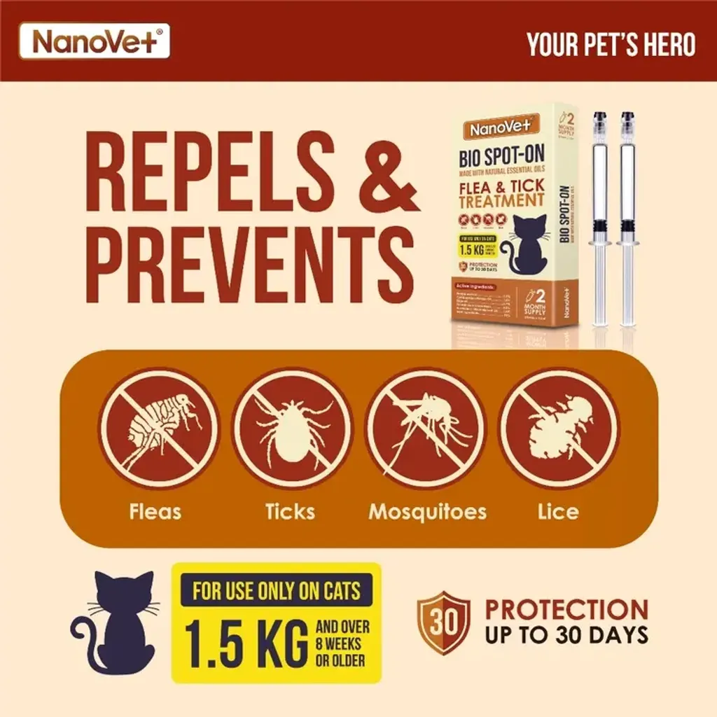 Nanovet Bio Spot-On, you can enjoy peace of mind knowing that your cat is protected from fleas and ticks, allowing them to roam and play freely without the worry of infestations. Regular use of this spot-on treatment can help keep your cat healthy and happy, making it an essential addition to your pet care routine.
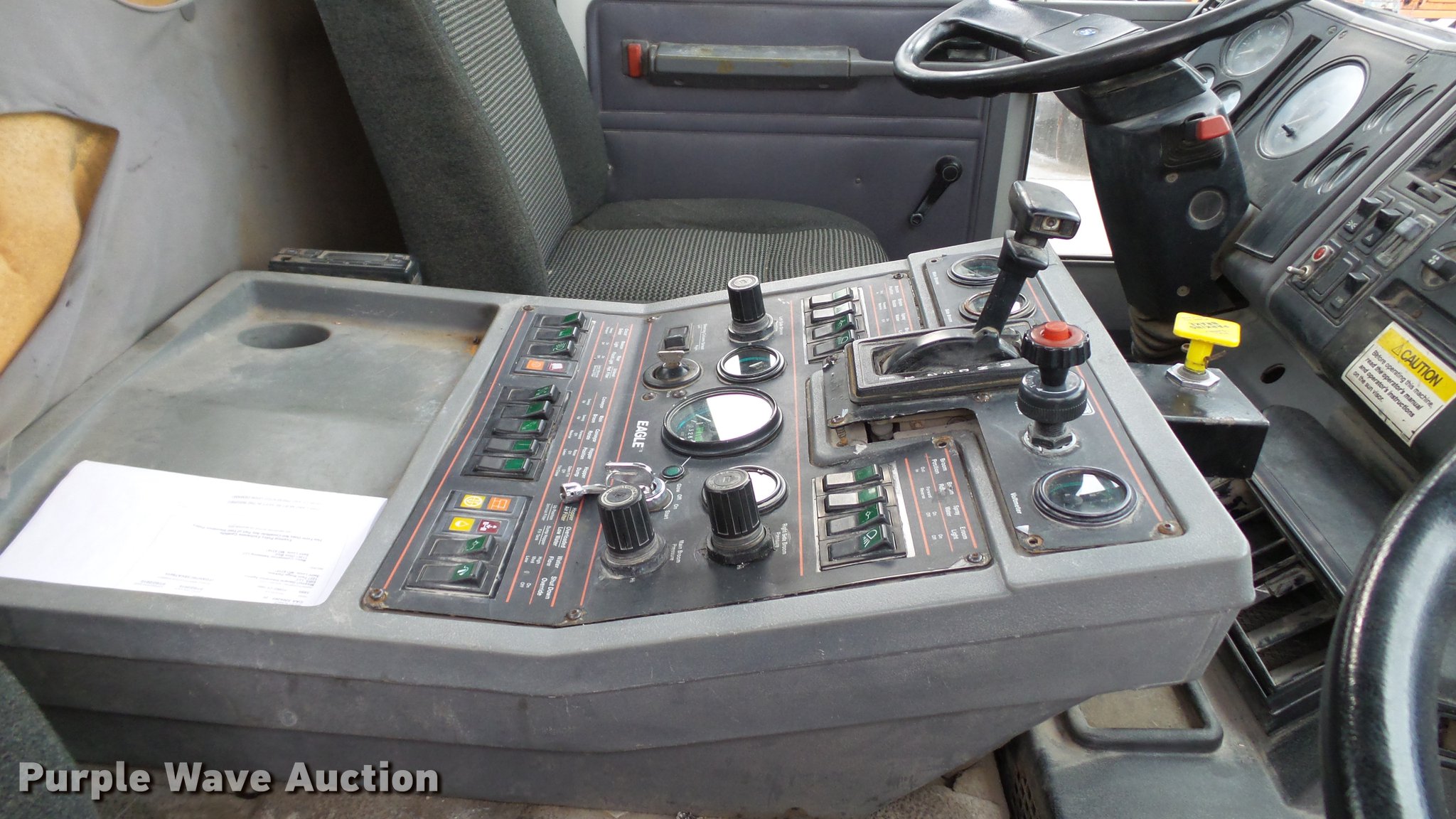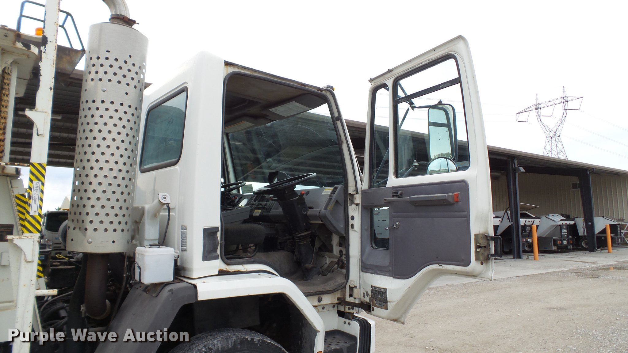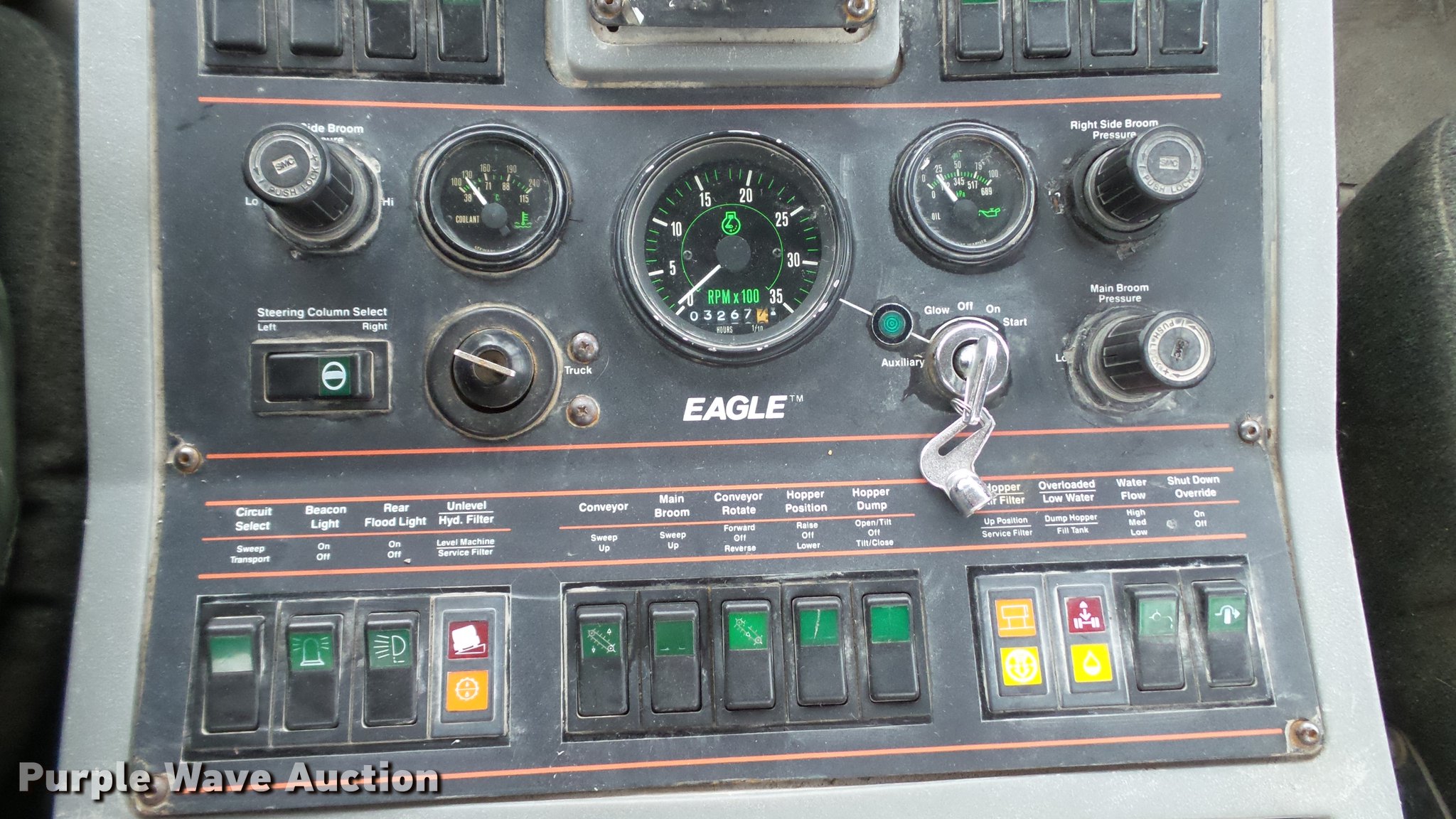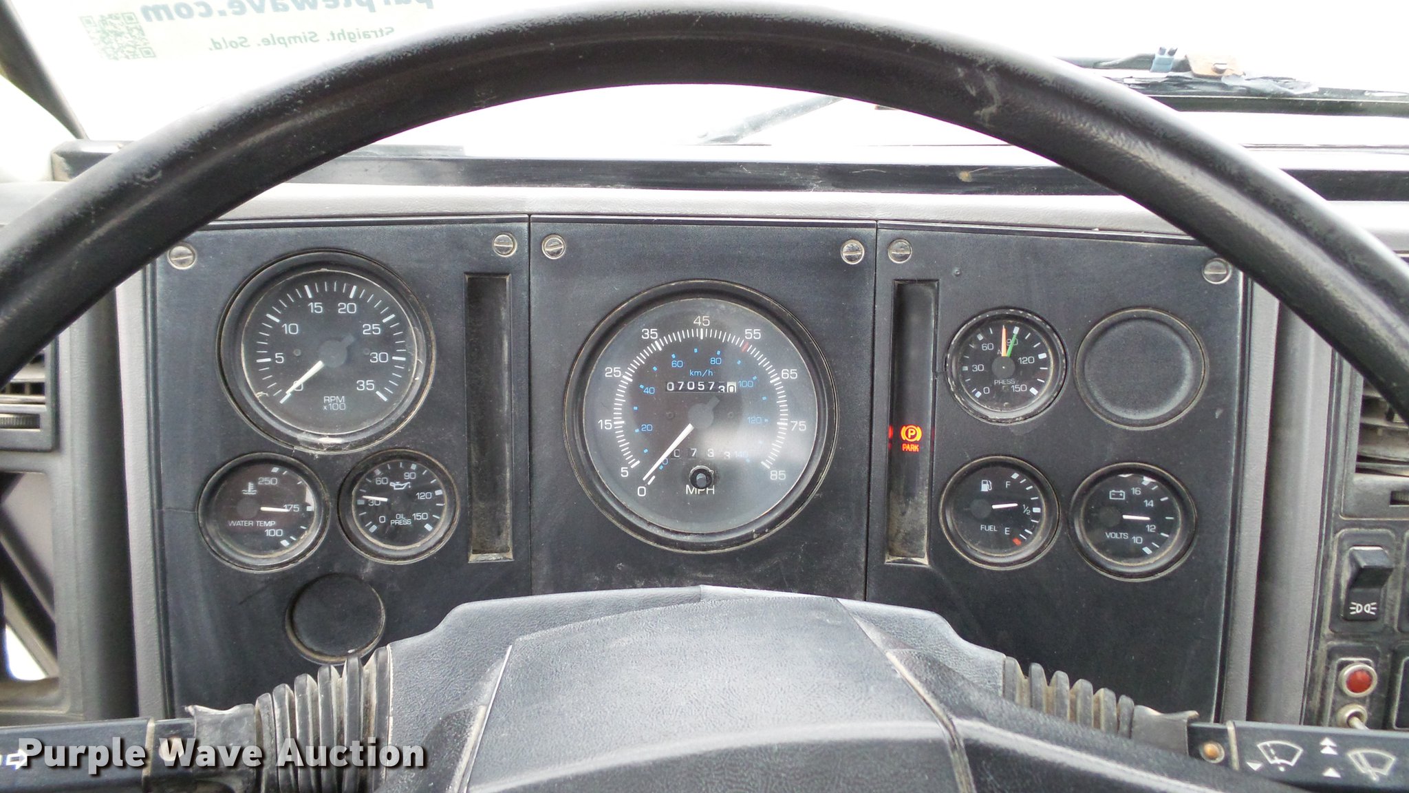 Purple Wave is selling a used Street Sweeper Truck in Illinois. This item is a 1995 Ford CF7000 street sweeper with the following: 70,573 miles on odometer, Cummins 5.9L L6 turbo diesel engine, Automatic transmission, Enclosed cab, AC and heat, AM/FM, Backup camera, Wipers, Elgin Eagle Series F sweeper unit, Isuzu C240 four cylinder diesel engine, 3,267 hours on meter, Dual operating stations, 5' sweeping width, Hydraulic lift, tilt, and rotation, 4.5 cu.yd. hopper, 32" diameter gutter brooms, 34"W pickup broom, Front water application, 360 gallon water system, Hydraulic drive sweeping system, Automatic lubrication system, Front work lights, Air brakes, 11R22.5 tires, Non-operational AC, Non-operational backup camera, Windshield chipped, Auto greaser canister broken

==

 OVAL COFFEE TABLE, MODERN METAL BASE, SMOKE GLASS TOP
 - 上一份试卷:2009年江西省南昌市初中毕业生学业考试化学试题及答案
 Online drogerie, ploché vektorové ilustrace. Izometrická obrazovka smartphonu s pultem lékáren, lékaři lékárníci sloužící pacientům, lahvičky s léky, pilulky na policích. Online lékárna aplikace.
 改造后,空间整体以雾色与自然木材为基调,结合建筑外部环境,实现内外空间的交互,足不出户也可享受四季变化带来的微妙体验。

Work instruction :: Beginning at the line with "Online drogerie, ploché" and ending at the line with "改造后,空间整体以雾色与自然", reproduce each line of the data above exactly, and add no other lines.

Solution for this task ::
 Online drogerie, ploché vektorové ilustrace. Izometrická obrazovka smartphonu s pultem lékáren, lékaři lékárníci sloužící pacientům, lahvičky s léky, pilulky na policích. Online lékárna aplikace.
 改造后,空间整体以雾色与自然木材为基调,结合建筑外部环境,实现内外空间的交互,足不出户也可享受四季变化带来的微妙体验。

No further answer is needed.